To increase the boost pressure, designs with two or more stages were used. They allowed to raise the total pressure values by 2, 3 times and more. But due to the fact that these compressors lost one of their main advantages - compactness, such multi-tiered structures did not take root. Another major drawback. In compressors of this type, when extruding uncompressed air into compressed in the injection pipe, turbulence is created, which contributes to an increase in the temperature of the air charge. That is, along with the usual increase in temperature from a direct increase in pressure, additional heating occurs in the rut-compressors.
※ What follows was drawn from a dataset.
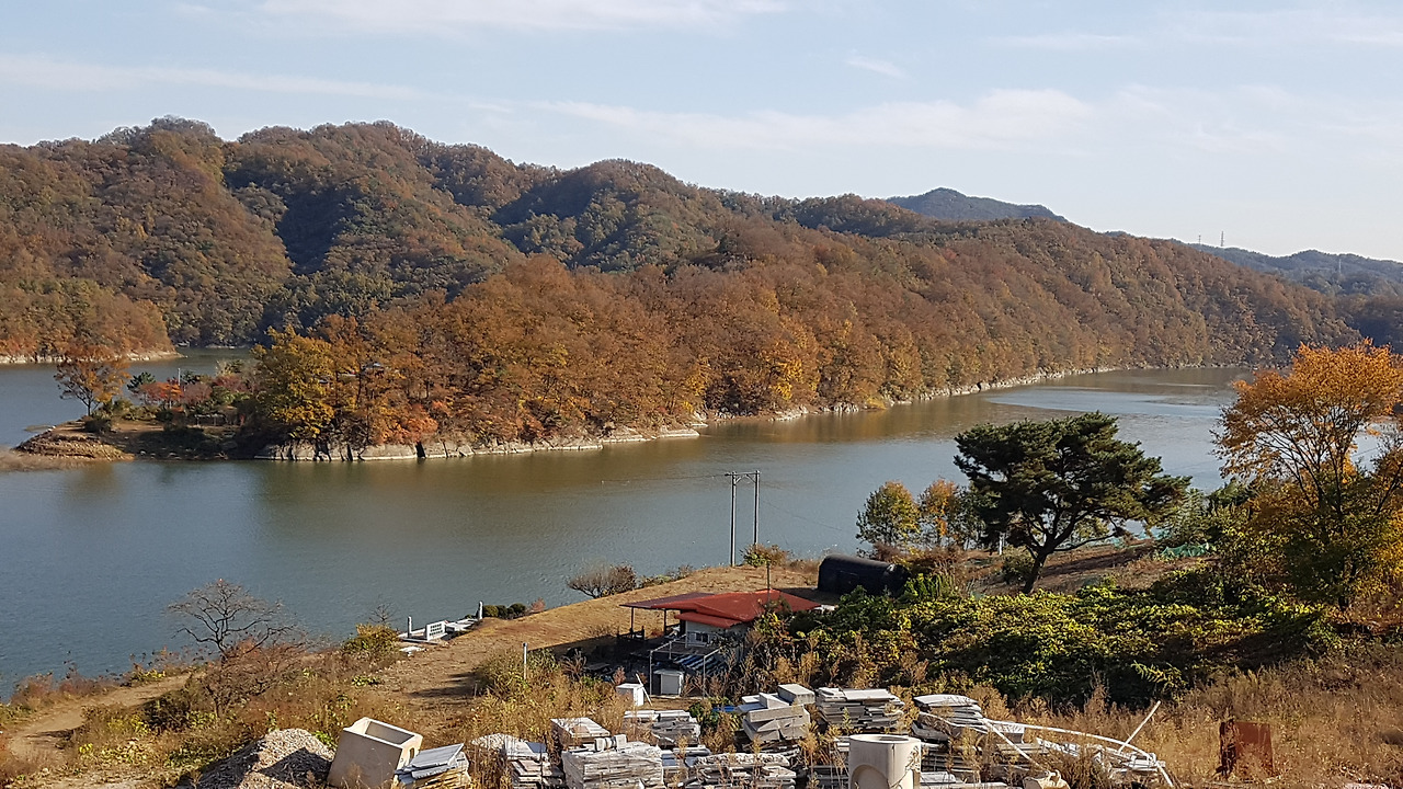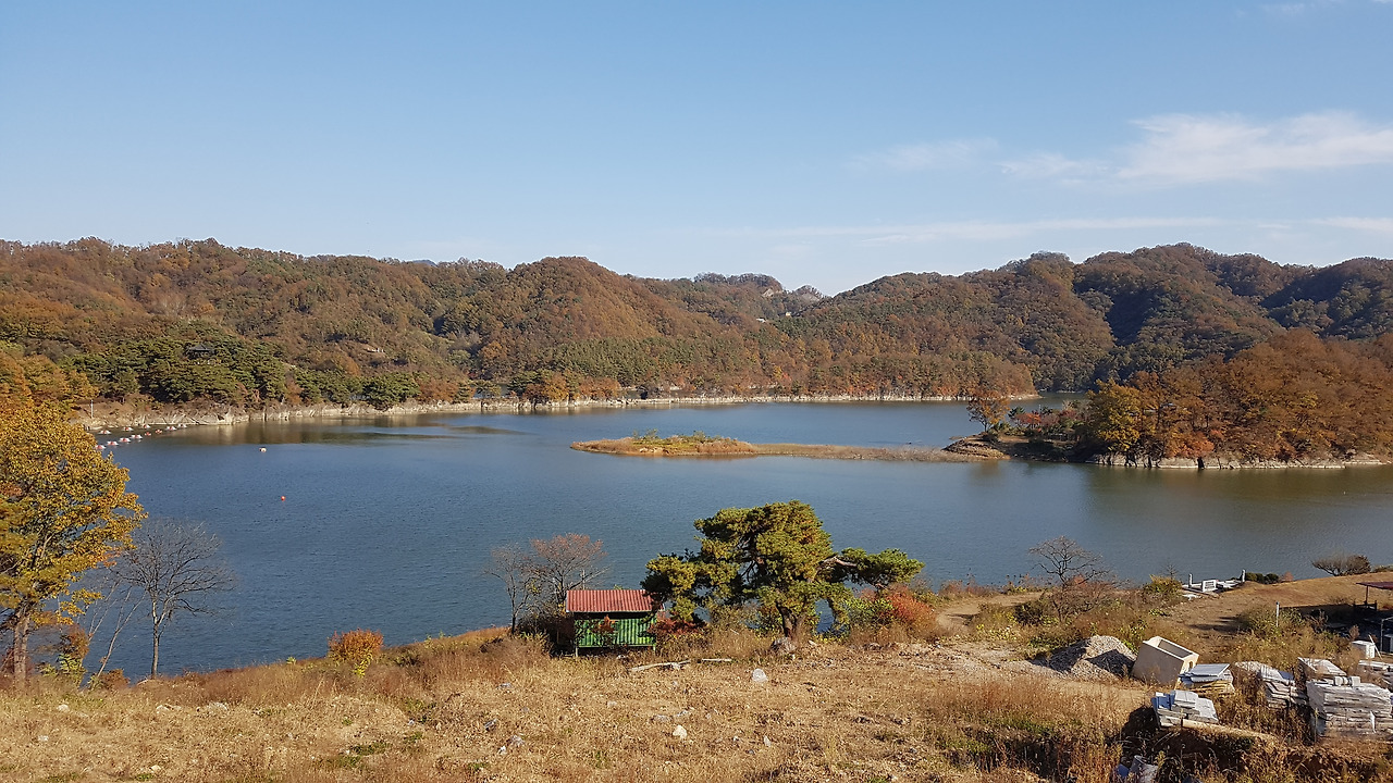 정자에서 바라보는 풍경은 양쪽이 달랐다. 호수 위에 길게 섬이 떠 있었다. 산 아래에 절리 같은 바위가 나란히 보였다. 마을이 수몰되고 산이 물에 잠겨 나무가 썩자 산 주인 일곱 명이 배를 타고 나무를 모두 베어냈다 한다. 썩은 나무를 끌어내리자, 자갈이 떨어지고 바위가 드러났다니 아름다운 풍광은 그저 생긴 게 아니었다.
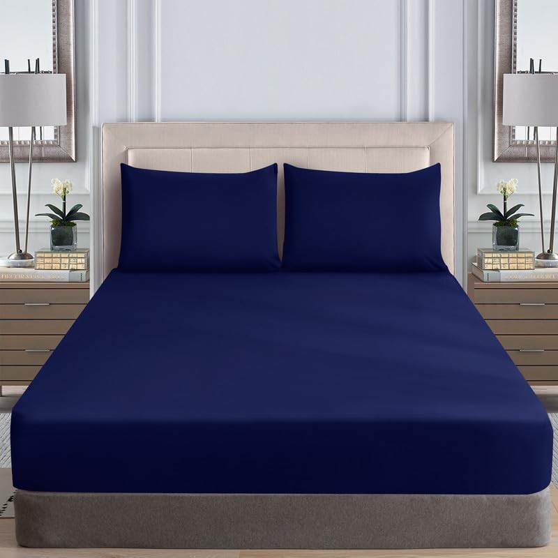 WEAVERS: Extra Deep Fitted Sheet - Super Soft Luxurious Microfiber, 40cm Deep Pockets, Elasticized design that ensures a snug fit. (Colour Navy Blue Size Double)

In this regard, such blowers are necessarily equipped with intercoolers (a special device for air cooling). The noise from the work of volumetric compressors is not as strong as that of centrifugal ones, and has a slightly different tonality. But, unlike the latter, the work of rotary gear superchargers is accompanied by pressure pulsations. This happens because of the uneven air supply. To reduce the noise and the amplitude of the pulsations, recently, the most widely received are three-tooth rotors of spiral shape. In addition, for the same purpose, the inlet and outlet windows of the compressor are triangular. These constructive tricks allow to achieve the fact that such compressors work fairly quietly and evenly. At present, modern technological capabilities have brought such compressors to a very high level of performance. Automobile giants such as DaimlerChrysler, Ford and General Motors install mechanical-type superchargers on some of their cars. There are several reasons for this. First of all, volumetric superchargers, as opposed to centrifugal, are effective already at low and medium engine speeds. This feature of the ruts-compressor made them the most suitable for drag racing, where the acceleration dynamics is valued first of all. Another important advantage is the relative simplicity of the design.A small number of moving parts and low rotational speeds make these blowers one of the most reliable and durable.
However, the complexity in the manufacture and installation, and hence the high price (relatively centrifugal) somewhat reduced their market popularity. Apart from the manufacturers listed above, for the secondary market, several companies produce such blowers. Here are some of them: Jackson Racing, Kenne Bell Superchargers, Magna Charger. Separately, it is worth noting the company Eaton Automotive. That it is, as they say, the locomotive of the promotion of ruts-type superchargers. By the way, these are its compressors and are installed on Ford and GM engines.
On behalf of the founding father, these compressors are sometimes referred to as Lysholm bulk blowers. They somewhat resemble ruts-compressors with spiral-shaped rotors, but most of all this design resembles a meat grinder. With only one difference: the auger is not one, there are two of them, and they engage in a special way, having complementary profiles. Two rotors ("father" and "mother"), capturing the incoming air, begin a mutual counter-rotation. A portion of the air is pushed forward, like meat along a meat grinder auger. The rotors have extremely small gaps between them. It provides high efficiency and rather small losses. The main difference between a screw compressor and volumetric rotary gear superchargers is the presence of internal compression.
This provides them with high discharge efficiency on almost the entire engine speed scale. In order to achieve high pressure values, it may be necessary to cool the compressor casing. But at the standard, not extremely high pressures of boost, the air is not heated as much as in the rutches-compressors. Another advantages: high efficiency, reliability and compact design. In addition, screw compressors are fairly quiet. They work almost in a “whisper” (of course, with proper, accurate design and manufacture). Here lies the, perhaps, their only minus. The fact is that such compressors are rather difficult to manufacture and, as a result, expensive. For this reason, they practically do not occur in mass automotive production. For the same reason, there are not so many companies producing these progressive blowers. I managed to find only two brands from serious manufacturers: Comptech Sport and Whipple Superchargers. Such devices also produce some Western tuning studio - for example, Kleemann, AMG. The most interesting thing is that such completely expensive superchargers can be found here as well.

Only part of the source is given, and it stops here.